**About this exercise:**
The records below are to be output exactly, except for their pictures.
━━━━━ Task inputs ━━━━━
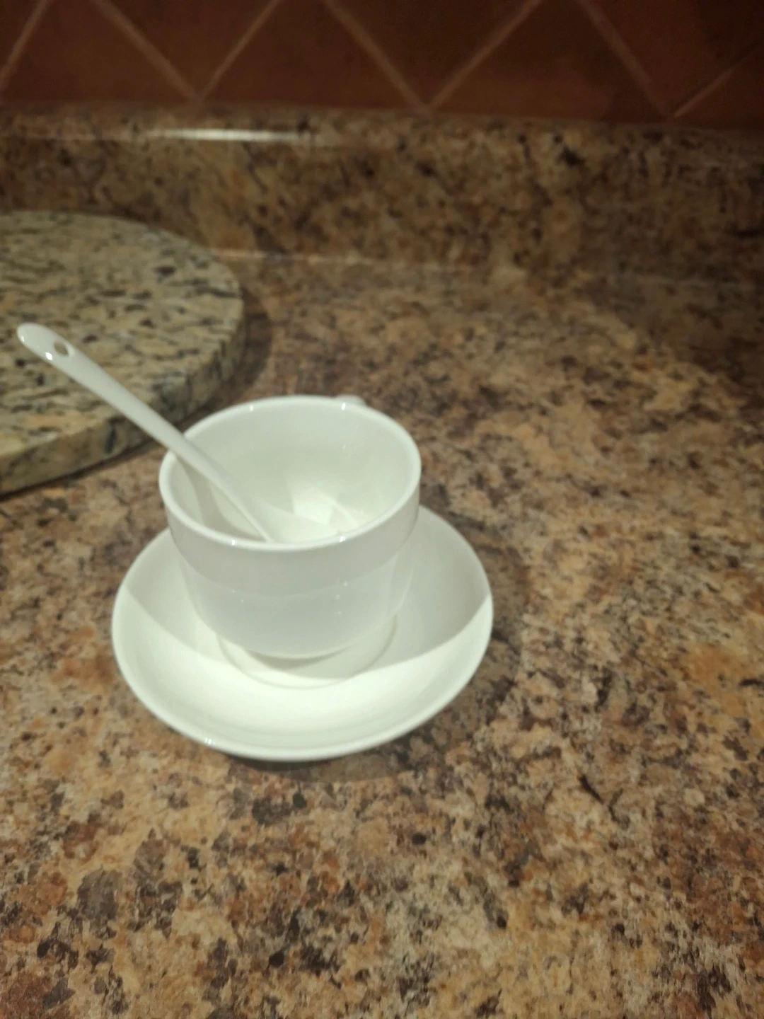 Selling a set of white tea cups and saucers. Perfect for enjoying a relaxing cup of tea or coffee with spoon
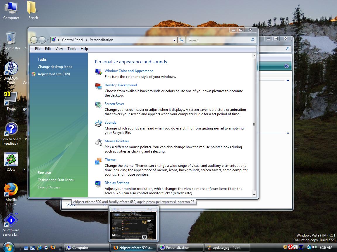 One of the most visible update that come with Windows Vista is due naturally to its graphic interface Aero Glass. It acts besides the functions which made run application using the capability of 3d graphics chip. And to benefit from the new interface effects which are windows animation or their transparency it is necessary to have a graphics card of type DirectX 9.0 having in addition compatible WDDM driver. Concretely, the cards of type GeForce FX 5200 and Radeon 9500 or higher are compatible with Aero. Of course Vista for those witch dont have a capable video card offer the two old clasic theme. In a word, these are even two reduced interfaces which are available: Vista BASIC which is rather close to the interface XP and Traditional, which remind the Windows 2000 interface.we had done on this review benchmark with will show the Aero Glass vs classic in term of system performance .to check how much system resource will this aero theme use.
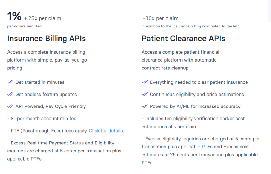 | Eligible | ✅ Yes | ⚠️ Partial | ❌ No | ⚠️ Some | ✅ Yes | REST / FHIR APIs | Per-call |
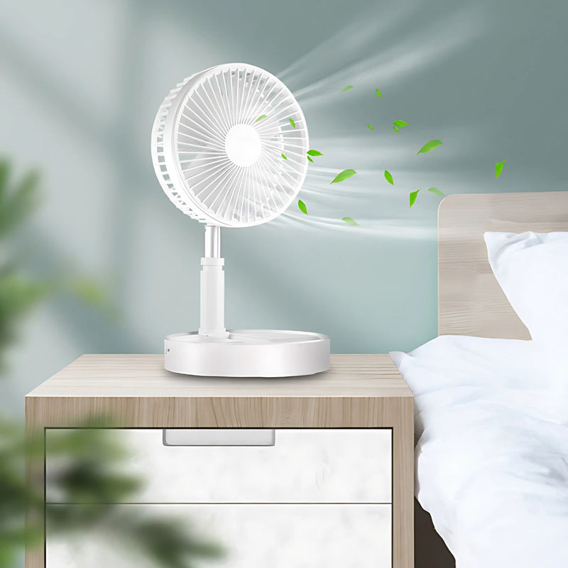 Abanico plegable portátil. Ventilador recargable de 4 velocidades. Color blanco.
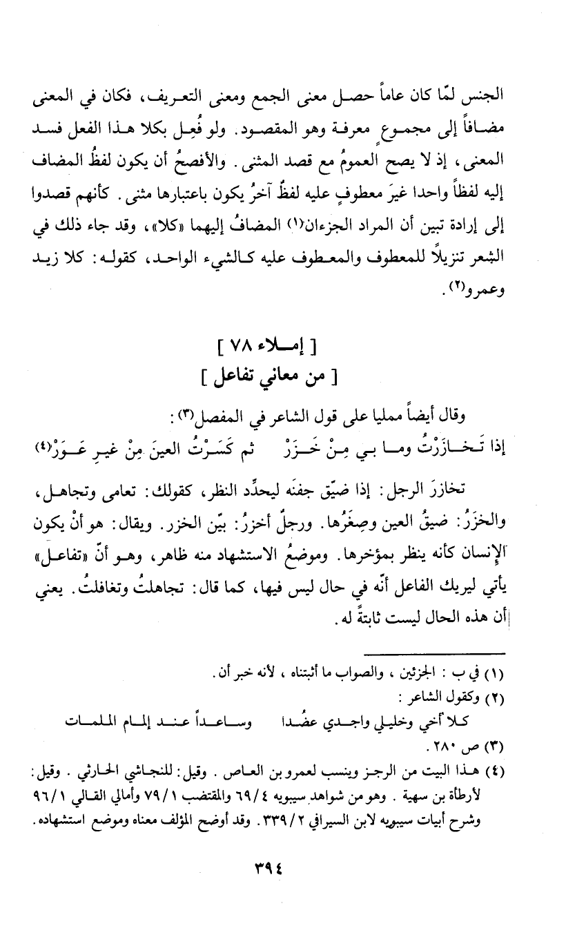 الجنس لما كان عاماً حصل معنى الجمع ومعنى التعريف، فكان في المعنى مضافاً إلى مجموع معرفة وهو المقصود. ولو فعل بكلا هذا الفعل فسد المعنى، إذ لا يصح العموم مع قصد المثنى. والأفصح أن يكون لفظ المضاف إليه لفظاً واحداً غير معطوف عليه لفظ آخر يكون باعتبارها مثنى. كأنهم قصدوا إلى إرادة تبين أن المراد الجزاءان (¬1) المضاف إليهما "كلا"، وقد جاء ذلك في الشعر تنزيلا للمعطوف والمعطوف عليه كالشيء الواحد، كقوله: كلا زيد وعمرو (¬2).
━━━━━
**Exercise response:**
 Selling a set of white tea cups and saucers. Perfect for enjoying a relaxing cup of tea or coffee with spoon
 One of the most visible update that come with Windows Vista is due naturally to its graphic interface Aero Glass. It acts besides the functions which made run application using the capability of 3d graphics chip. And to benefit from the new interface effects which are windows animation or their transparency it is necessary to have a graphics card of type DirectX 9.0 having in addition compatible WDDM driver. Concretely, the cards of type GeForce FX 5200 and Radeon 9500 or higher are compatible with Aero. Of course Vista for those witch dont have a capable video card offer the two old clasic theme. In a word, these are even two reduced interfaces which are available: Vista BASIC which is rather close to the interface XP and Traditional, which remind the Windows 2000 interface.we had done on this review benchmark with will show the Aero Glass vs classic in term of system performance .to check how much system resource will this aero theme use.
 | Eligible | ✅ Yes | ⚠️ Partial | ❌ No | ⚠️ Some | ✅ Yes | REST / FHIR APIs | Per-call |
 Abanico plegable portátil. Ventilador recargable de 4 velocidades. Color blanco.
 الجنس لما كان عاماً حصل معنى الجمع ومعنى التعريف، فكان في المعنى مضافاً إلى مجموع معرفة وهو المقصود. ولو فعل بكلا هذا الفعل فسد المعنى، إذ لا يصح العموم مع قصد المثنى. والأفصح أن يكون لفظ المضاف إليه لفظاً واحداً غير معطوف عليه لفظ آخر يكون باعتبارها مثنى. كأنهم قصدوا إلى إرادة تبين أن المراد الجزاءان (¬1) المضاف إليهما "كلا"، وقد جاء ذلك في الشعر تنزيلا للمعطوف والمعطوف عليه كالشيء الواحد، كقوله: كلا زيد وعمرو (¬2).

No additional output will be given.